- _DIRECTIONS_
Pictures appear among the records below and must be omitted. Repeat exactly the lines from the line with "Keep organized with" to the line with "Loretta Vitale W5334", both included.
++++++++++++++++++++
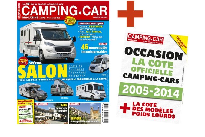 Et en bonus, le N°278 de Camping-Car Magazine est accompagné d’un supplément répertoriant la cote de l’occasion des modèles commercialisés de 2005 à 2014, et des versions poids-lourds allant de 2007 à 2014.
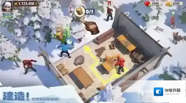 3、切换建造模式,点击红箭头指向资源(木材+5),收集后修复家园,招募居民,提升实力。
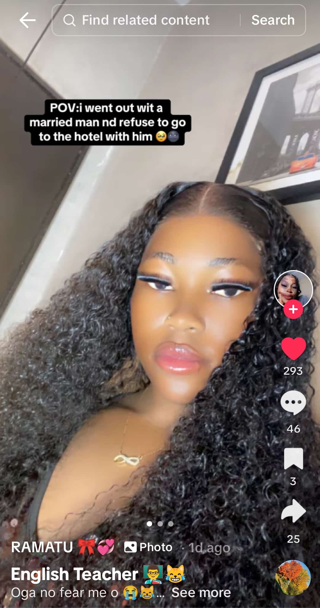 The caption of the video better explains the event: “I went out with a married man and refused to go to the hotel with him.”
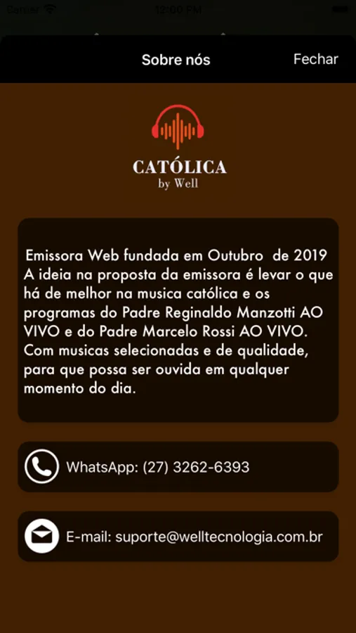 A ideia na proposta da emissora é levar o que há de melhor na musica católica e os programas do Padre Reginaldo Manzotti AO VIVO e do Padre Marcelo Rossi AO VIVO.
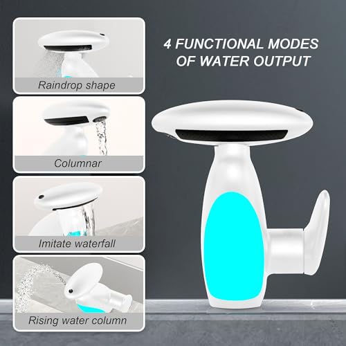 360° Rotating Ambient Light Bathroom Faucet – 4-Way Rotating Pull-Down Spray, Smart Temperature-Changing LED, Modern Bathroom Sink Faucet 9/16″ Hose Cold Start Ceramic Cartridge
++++++++++++++++++++
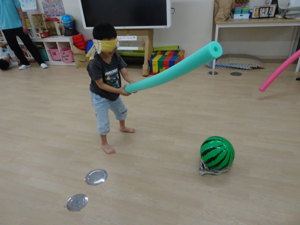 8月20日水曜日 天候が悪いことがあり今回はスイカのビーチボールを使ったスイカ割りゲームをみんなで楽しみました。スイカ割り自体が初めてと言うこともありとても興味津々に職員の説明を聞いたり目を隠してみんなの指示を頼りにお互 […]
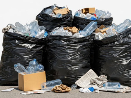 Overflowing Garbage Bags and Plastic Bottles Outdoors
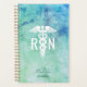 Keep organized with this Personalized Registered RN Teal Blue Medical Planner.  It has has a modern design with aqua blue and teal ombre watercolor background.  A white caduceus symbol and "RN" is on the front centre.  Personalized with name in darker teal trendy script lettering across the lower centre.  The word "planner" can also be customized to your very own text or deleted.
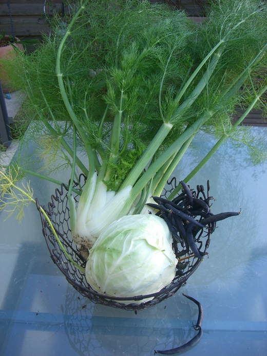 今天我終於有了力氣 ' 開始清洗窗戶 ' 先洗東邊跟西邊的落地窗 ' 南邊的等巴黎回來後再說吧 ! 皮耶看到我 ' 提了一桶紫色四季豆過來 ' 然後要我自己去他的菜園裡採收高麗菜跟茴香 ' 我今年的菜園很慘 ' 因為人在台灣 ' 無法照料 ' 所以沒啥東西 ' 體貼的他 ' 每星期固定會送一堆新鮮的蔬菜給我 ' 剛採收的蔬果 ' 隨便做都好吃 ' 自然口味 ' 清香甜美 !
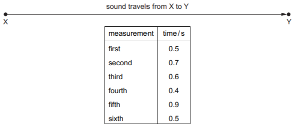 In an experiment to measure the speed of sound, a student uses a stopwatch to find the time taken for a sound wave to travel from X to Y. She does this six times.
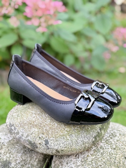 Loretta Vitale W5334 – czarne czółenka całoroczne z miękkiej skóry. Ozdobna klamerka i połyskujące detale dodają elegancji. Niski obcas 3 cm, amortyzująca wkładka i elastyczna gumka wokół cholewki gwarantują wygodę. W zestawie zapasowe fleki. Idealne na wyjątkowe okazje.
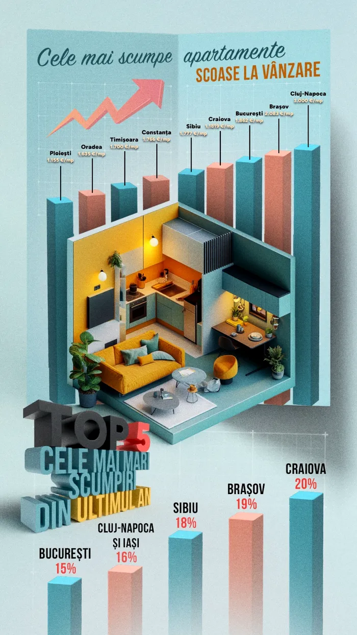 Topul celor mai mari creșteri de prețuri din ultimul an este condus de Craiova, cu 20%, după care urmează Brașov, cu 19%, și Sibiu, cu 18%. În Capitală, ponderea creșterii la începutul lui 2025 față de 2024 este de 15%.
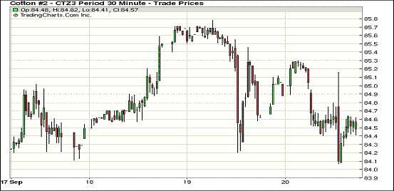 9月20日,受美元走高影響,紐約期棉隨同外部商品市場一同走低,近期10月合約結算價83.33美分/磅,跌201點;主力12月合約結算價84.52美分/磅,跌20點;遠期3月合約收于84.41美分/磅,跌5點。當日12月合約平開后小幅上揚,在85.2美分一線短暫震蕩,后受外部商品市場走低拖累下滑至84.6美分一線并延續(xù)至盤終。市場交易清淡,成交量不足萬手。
++++++++++++++++++++
- _RESULT_
 Keep organized with this Personalized Registered RN Teal Blue Medical Planner.  It has has a modern design with aqua blue and teal ombre watercolor background.  A white caduceus symbol and "RN" is on the front centre.  Personalized with name in darker teal trendy script lettering across the lower centre.  The word "planner" can also be customized to your very own text or deleted.
 今天我終於有了力氣 ' 開始清洗窗戶 ' 先洗東邊跟西邊的落地窗 ' 南邊的等巴黎回來後再說吧 ! 皮耶看到我 ' 提了一桶紫色四季豆過來 ' 然後要我自己去他的菜園裡採收高麗菜跟茴香 ' 我今年的菜園很慘 ' 因為人在台灣 ' 無法照料 ' 所以沒啥東西 ' 體貼的他 ' 每星期固定會送一堆新鮮的蔬菜給我 ' 剛採收的蔬果 ' 隨便做都好吃 ' 自然口味 ' 清香甜美 !
 In an experiment to measure the speed of sound, a student uses a stopwatch to find the time taken for a sound wave to travel from X to Y. She does this six times.
 Loretta Vitale W5334 – czarne czółenka całoroczne z miękkiej skóry. Ozdobna klamerka i połyskujące detale dodają elegancji. Niski obcas 3 cm, amortyzująca wkładka i elastyczna gumka wokół cholewki gwarantują wygodę. W zestawie zapasowe fleki. Idealne na wyjątkowe okazje.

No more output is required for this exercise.